C. The supplementary file appears to possibly contain a list of DEGs with adjusted pvalue < 0.1 for the comparison of CHD8 mutant B samples to WT (notice the range of values in the column that contains adjusted p-values for mutant B, and that there are no other adjusted p-values reported). Carry out this comparison (mutant B vs WT) using contrasts, and find the proportion of these DEGs that are present in this file. (1 point)

# <YOUR CODE HERE>

D. What could the authors do to improve the reproducibility of their results? (1 point)

Exercise 5: Visualize results of top DEGs between CHD8 mutant and WT samples (3 points)

Let’s visualize the top 12 DEGs from the comparison of CHD8 mutant samples to WT samples (from Exercise 2). Use boxplots and/or individual points to show the distribution of VST counts for these genes across the three sample groups.

# <YOUR CODE HERE>

Exercise 6: Visualize results of top DEGs between CHD8 mutant A and CHD8 mutant B samples (4 points)
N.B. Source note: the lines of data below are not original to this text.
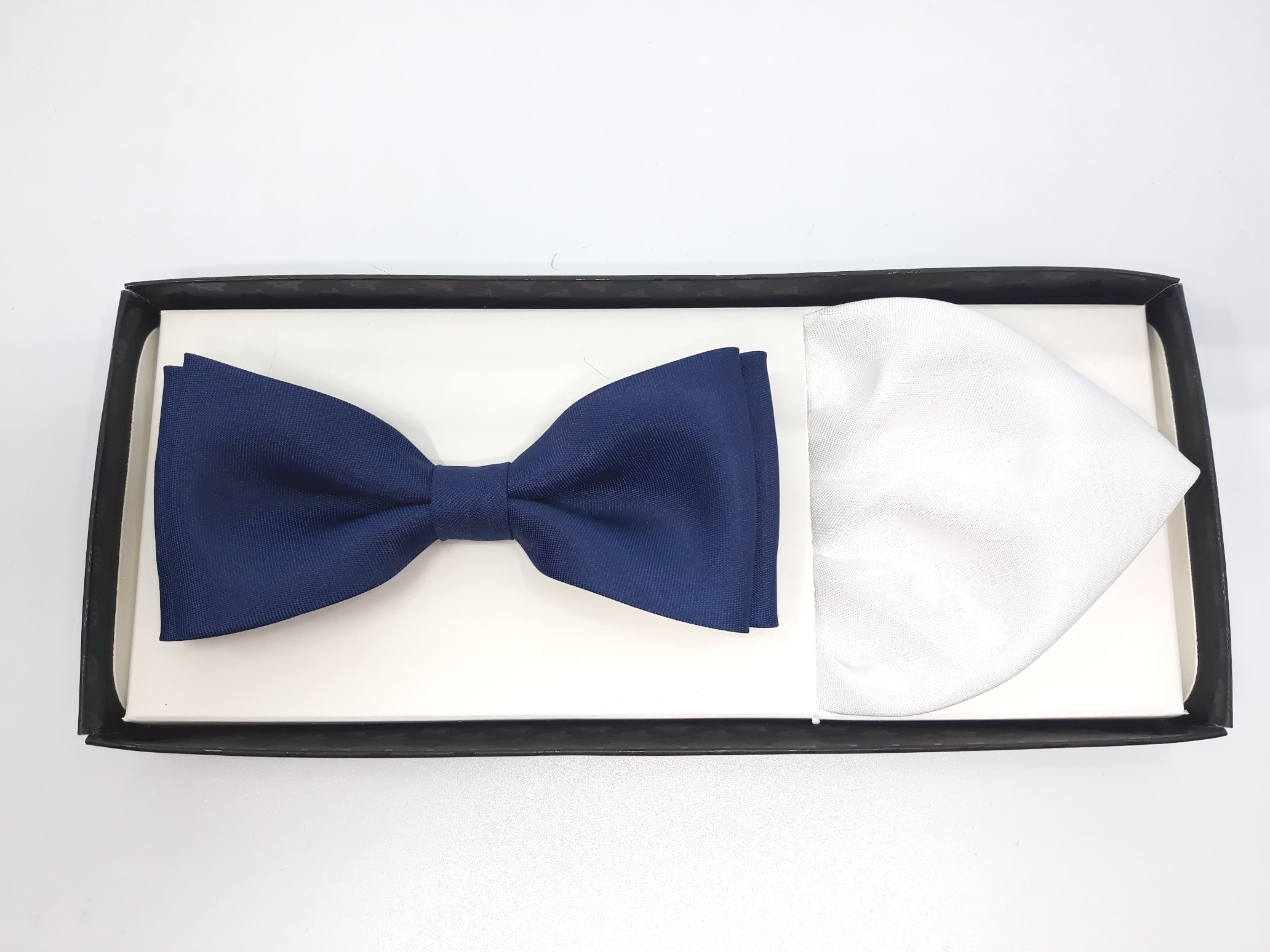 Unikatowa mucha w zestawie z poszetką w kolorze granatowym.
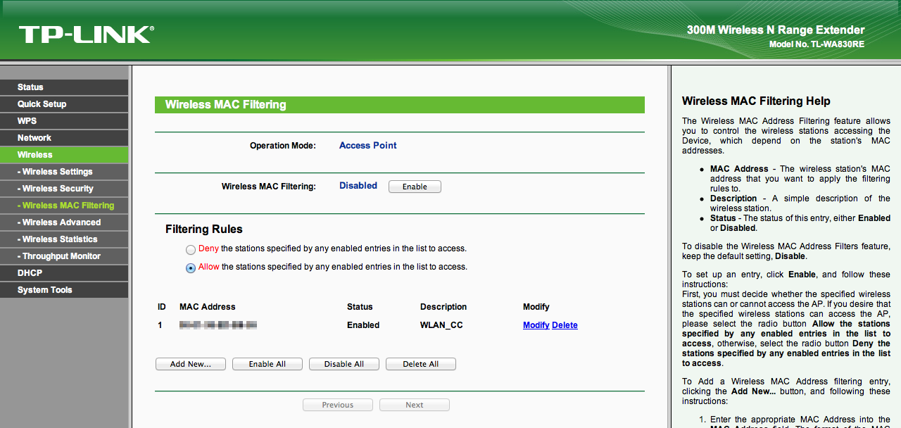 Wireless Mac Filtering. En el apartado de
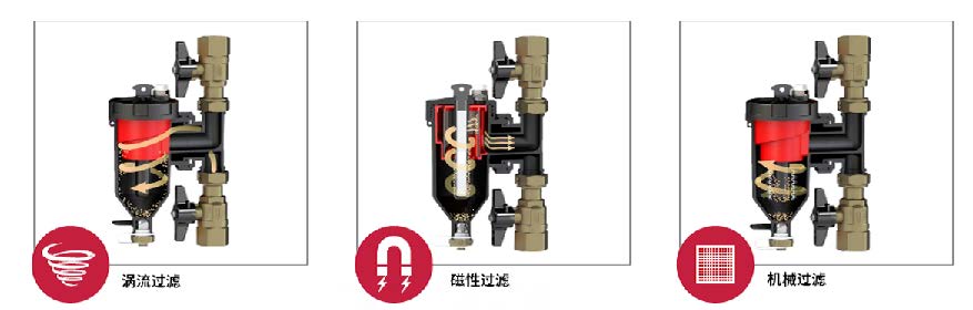 供熱系統(tǒng)的金屬部件容易腐蝕,使雜質(zhì)混入水中,一旦這些鐵屑觸及熱發(fā)生器,便很容易卡進(jìn)交換機(jī),或附著在循環(huán)器的磁體上,引起部件堵塞。ADS 160 是一款整合了三道過(guò)濾工序的磁性過(guò)濾器,采用專利設(shè)計(jì),可維持系統(tǒng)健康運(yùn)行,性能持續(xù)有效,尺寸輕巧,易于安裝。
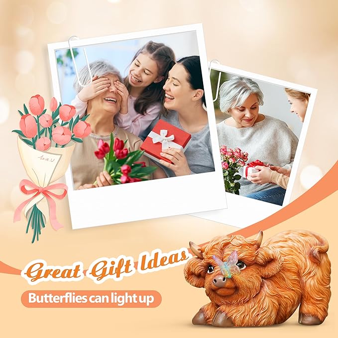 Highland Cow Solar Powered Outdoor Garden Statue, Resin Highland Cow Statue with Solar Light Lantern, Decorative Lawn, Yard Outdoor Highland Cow Decor. Unique home decorations, gifts for women

A. How many DEGs are there between CHD8 mutant A samples to CHD8 mutant B samples (hint: you’ll need to first run this contrast)? Does this align with what you expect? (2 points)

# <YOUR CODE HERE>

B. Finally, let’s visualize an MA plot of the DE results comparing the two mutant lines in part A, as well as a histogram of the p-values for this comparison. Comment on what you see. (2 points)

# <YOUR CODE HERE>

Part 5 - Next steps

From here, we would go on to further investigate the DEGs between CHD8 mutant and WT, perhaps by looking at the pathways they are involved in, or the biological functions they are associated with, using gene set enrichment analyses. We would also perform a multi-omic analysis using the ATAC-seq data to see if there are any changes in chromatin accessibility that could explain the changes in gene expression. As these sort of topics come a bit later in the course, they are not covered in this assignment.